**How to complete this task:**
Begin at the line below that has "El chile, un" and stop after the line that has "Ralph Lauren LRL". Please restate only those lines, word for word.

━━━━━ Excerpted records ━━━━━

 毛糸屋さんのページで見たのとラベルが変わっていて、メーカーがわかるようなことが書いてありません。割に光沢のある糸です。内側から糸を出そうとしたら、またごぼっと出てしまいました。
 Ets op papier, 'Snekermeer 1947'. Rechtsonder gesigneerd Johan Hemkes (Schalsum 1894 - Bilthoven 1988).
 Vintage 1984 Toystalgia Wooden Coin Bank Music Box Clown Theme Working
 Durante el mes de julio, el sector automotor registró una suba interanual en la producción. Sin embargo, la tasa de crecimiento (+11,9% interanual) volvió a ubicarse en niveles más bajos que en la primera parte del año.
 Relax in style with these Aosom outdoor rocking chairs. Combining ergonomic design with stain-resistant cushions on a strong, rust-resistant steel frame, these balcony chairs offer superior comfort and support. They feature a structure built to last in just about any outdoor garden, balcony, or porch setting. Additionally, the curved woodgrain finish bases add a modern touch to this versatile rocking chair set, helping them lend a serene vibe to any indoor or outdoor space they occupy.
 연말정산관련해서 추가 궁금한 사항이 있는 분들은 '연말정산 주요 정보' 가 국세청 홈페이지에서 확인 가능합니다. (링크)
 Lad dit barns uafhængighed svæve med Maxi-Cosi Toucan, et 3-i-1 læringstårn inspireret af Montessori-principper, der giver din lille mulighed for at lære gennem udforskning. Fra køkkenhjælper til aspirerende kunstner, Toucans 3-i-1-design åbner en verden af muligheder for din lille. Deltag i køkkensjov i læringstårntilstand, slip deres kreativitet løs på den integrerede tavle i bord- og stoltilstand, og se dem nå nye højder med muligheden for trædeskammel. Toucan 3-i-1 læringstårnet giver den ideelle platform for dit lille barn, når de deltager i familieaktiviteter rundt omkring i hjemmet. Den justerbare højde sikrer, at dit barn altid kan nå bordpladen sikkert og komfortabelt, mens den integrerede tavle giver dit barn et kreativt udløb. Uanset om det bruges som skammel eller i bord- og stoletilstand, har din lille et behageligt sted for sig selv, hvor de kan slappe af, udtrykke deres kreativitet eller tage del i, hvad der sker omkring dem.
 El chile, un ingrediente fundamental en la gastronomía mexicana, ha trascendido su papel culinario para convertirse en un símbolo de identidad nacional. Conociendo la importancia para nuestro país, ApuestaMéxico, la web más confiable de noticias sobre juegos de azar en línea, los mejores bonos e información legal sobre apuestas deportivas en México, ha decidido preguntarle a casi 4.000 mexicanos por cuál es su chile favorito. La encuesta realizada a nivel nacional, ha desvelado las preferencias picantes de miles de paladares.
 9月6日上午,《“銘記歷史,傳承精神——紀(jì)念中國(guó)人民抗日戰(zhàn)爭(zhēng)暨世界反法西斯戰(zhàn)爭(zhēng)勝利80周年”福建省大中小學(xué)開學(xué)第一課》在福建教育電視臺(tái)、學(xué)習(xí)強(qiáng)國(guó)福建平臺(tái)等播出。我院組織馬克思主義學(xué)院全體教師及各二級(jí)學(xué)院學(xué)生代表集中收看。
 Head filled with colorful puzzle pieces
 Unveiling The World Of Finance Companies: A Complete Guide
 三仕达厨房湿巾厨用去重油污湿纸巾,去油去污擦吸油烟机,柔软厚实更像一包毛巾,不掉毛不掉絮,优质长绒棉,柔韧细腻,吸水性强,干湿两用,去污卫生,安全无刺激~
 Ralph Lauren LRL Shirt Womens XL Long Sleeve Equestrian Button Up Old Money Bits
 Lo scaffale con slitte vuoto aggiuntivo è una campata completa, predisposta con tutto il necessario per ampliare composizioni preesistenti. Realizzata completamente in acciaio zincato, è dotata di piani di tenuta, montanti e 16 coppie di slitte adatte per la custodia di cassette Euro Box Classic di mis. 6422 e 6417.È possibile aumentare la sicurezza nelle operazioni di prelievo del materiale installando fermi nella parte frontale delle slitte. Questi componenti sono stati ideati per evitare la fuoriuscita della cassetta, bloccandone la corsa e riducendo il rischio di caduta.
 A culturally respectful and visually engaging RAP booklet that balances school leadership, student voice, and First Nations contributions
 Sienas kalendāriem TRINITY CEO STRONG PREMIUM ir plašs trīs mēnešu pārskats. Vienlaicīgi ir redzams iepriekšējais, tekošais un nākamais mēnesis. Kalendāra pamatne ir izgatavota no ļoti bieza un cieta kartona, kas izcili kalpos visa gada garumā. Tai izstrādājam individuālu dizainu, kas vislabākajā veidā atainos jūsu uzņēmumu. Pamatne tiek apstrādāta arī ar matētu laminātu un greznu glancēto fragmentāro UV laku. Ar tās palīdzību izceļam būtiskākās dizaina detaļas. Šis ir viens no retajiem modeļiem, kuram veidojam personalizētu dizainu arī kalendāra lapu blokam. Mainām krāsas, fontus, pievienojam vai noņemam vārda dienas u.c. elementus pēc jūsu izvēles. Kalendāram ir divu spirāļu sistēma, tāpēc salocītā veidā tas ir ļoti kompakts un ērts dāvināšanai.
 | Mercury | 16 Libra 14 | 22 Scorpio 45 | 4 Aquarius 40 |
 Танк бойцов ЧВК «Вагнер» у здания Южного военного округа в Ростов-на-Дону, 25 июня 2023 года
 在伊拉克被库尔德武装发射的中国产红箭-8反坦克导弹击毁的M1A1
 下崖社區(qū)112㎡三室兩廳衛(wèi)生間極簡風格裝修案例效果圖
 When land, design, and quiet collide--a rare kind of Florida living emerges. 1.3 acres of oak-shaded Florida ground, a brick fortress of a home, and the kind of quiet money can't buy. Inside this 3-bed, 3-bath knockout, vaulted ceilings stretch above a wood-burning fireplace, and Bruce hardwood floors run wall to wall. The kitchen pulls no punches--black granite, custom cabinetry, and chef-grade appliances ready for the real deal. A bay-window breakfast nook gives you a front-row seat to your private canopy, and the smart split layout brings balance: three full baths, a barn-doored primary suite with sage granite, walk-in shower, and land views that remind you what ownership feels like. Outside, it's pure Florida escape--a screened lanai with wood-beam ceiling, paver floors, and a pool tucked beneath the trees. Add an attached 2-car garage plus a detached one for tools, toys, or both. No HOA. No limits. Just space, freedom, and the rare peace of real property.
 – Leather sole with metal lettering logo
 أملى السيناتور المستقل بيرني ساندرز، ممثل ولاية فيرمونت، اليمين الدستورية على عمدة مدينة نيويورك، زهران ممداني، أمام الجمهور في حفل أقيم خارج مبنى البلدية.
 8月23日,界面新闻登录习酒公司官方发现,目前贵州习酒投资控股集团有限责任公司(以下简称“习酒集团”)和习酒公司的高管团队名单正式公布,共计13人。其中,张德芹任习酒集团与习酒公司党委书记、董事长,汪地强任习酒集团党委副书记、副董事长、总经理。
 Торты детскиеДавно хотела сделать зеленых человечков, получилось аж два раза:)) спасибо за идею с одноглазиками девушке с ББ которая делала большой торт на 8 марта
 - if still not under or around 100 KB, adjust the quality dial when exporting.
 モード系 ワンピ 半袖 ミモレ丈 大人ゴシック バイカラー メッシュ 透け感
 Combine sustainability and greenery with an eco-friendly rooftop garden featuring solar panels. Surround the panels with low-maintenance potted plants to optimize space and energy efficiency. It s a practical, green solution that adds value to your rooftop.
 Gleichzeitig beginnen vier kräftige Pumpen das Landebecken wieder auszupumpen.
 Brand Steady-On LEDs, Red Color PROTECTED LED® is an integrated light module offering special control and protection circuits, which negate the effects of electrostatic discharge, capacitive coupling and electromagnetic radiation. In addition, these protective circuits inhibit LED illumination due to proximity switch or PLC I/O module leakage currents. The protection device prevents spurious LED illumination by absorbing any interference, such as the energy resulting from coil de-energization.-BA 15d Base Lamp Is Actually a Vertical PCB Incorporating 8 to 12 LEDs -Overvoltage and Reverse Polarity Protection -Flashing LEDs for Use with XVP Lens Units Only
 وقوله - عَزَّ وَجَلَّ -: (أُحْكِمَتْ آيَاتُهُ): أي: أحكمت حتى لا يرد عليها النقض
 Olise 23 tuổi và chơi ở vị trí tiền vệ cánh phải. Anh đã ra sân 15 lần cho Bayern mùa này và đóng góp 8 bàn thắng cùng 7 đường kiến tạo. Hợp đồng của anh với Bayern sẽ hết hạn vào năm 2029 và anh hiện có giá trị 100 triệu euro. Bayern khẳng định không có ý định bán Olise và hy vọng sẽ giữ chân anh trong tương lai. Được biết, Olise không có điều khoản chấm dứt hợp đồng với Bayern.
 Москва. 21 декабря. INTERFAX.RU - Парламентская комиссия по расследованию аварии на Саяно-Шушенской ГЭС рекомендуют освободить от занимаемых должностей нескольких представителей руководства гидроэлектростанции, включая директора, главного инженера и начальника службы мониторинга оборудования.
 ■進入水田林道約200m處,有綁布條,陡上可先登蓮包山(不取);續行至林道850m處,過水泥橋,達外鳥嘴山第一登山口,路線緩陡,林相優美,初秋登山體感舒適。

━━━━━

**Task output:**
 El chile, un ingrediente fundamental en la gastronomía mexicana, ha trascendido su papel culinario para convertirse en un símbolo de identidad nacional. Conociendo la importancia para nuestro país, ApuestaMéxico, la web más confiable de noticias sobre juegos de azar en línea, los mejores bonos e información legal sobre apuestas deportivas en México, ha decidido preguntarle a casi 4.000 mexicanos por cuál es su chile favorito. La encuesta realizada a nivel nacional, ha desvelado las preferencias picantes de miles de paladares.
 9月6日上午,《“銘記歷史,傳承精神——紀(jì)念中國(guó)人民抗日戰(zhàn)爭(zhēng)暨世界反法西斯戰(zhàn)爭(zhēng)勝利80周年”福建省大中小學(xué)開學(xué)第一課》在福建教育電視臺(tái)、學(xué)習(xí)強(qiáng)國(guó)福建平臺(tái)等播出。我院組織馬克思主義學(xué)院全體教師及各二級(jí)學(xué)院學(xué)生代表集中收看。
 Head filled with colorful puzzle pieces
 Unveiling The World Of Finance Companies: A Complete Guide
 三仕达厨房湿巾厨用去重油污湿纸巾,去油去污擦吸油烟机,柔软厚实更像一包毛巾,不掉毛不掉絮,优质长绒棉,柔韧细腻,吸水性强,干湿两用,去污卫生,安全无刺激~
 Ralph Lauren LRL Shirt Womens XL Long Sleeve Equestrian Button Up Old Money Bits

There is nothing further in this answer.